A few thoughts after sitting in a panel discussion on the Arab revolutions, with speakers from Turkey, Jordan, Egypt, the USA and Israel, as part of the Israeli Presidential Conference.

Jordan

Though Jordan isn’t undergoing a violent revolution (or a violent repression of a peaceful revolution), there are now weekly protests against the King and Government. If and when Syria falls, the pressure on the Jordanian regime will become irresistible. Democracy is coming to Jordan.

And we have to ask what that means, because Jordan has a majority-Palestinian population. What would a democratic Jordan with a Palestinian majority mean for the peace process and the Israeli – Palestinian conflict?

At the height of the Arab Spring last year, I asked this question to people in the UK’s Foreign Office. I got two reactions: first, anger. “Are you saying that Jordan is Palestine?”. I wasn’t. And then denial “we don’t believe that Palestinians would vote in a democratic Jordan.

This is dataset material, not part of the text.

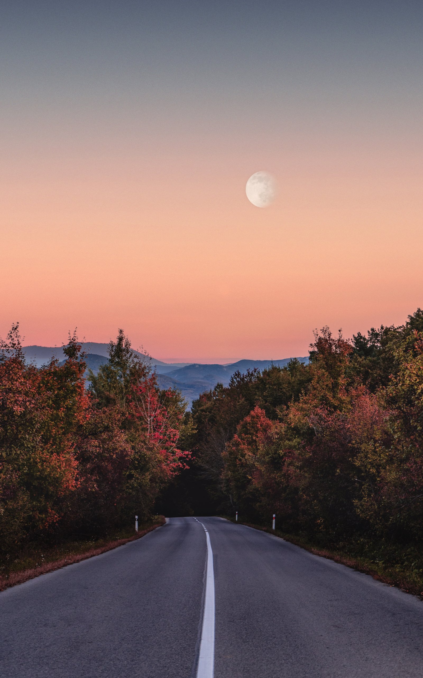 Обои: дорога, лес, вечер - 1600x2560

That would be abandoning their own aspirations”. To which my only response was “hmm”.

Syria

Everyone here now agrees that the fall of Assad is now in Israel’s strategic interest – even if the new Syrian government is a belligerent Islamist regime. The end of Assad would massively cut Iran’s ability to project to power and would cripple Hizballah. This is new; a year ago, there were many Israeli commentators who preferred the devil they knew. Despite all this, there’s a feeling that Israel can’t and shouldn’t do anything to intervene in Syria.

The Bigger Picture

The protests in Tunisia, Egypt and Libya were originally triggered by economic factors: unemployment, the price of food and fuel, and lack of economic development. They morphed into anti-regime protests that succeeded. But the underlying triggers – prices, unemployment, investment – are still there. In fact, the instability in these economies is likely to worsen all of these problems.

The global financial crisis isn’t going away. What happens in a year’s time when their standards of living are continuing to fall? Maybe they will be happier because they are free, but Maslow might remind us that you can’t eat a ballot slip. Unless political freedom is combined with economic improvement, the future could be very frightening.